### ABOUT THIS TASK
Below are entries. Reproduce exactly the lines between the line holding "Non-Scratch virtuves piederumu" and the line holding "Набор для ухода", inclusive, and only those.
** MATERIALS PROVIDED follows **
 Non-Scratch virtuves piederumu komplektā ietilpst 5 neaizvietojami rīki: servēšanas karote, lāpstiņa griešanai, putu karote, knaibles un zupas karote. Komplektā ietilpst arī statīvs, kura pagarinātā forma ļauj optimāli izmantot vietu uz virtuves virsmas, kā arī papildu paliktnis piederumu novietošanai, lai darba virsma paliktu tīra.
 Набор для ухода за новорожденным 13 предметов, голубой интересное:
** End of MATERIALS PROVIDED **
** MATERIALS PROVIDED follows **
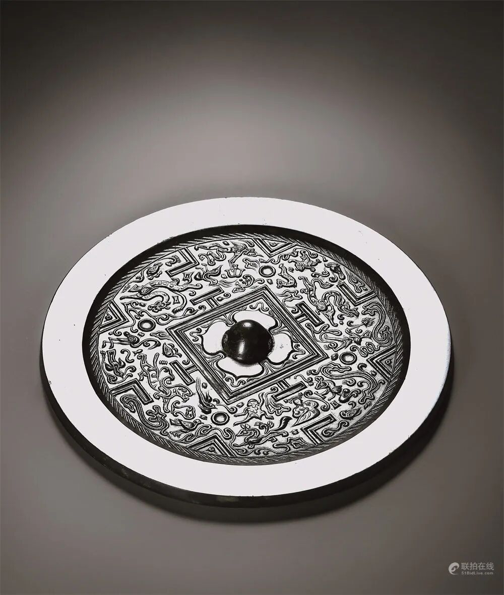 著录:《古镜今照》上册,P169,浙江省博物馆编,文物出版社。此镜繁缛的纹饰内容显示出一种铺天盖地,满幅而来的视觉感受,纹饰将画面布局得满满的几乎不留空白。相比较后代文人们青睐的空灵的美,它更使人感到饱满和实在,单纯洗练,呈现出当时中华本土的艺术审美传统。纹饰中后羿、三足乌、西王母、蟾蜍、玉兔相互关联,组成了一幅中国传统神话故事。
** End of MATERIALS PROVIDED **
### ANSWER BOX
 Non-Scratch virtuves piederumu komplektā ietilpst 5 neaizvietojami rīki: servēšanas karote, lāpstiņa griešanai, putu karote, knaibles un zupas karote. Komplektā ietilpst arī statīvs, kura pagarinātā forma ļauj optimāli izmantot vietu uz virtuves virsmas, kā arī papildu paliktnis piederumu novietošanai, lai darba virsma paliktu tīra.
 Набор для ухода за новорожденным 13 предметов, голубой интересное:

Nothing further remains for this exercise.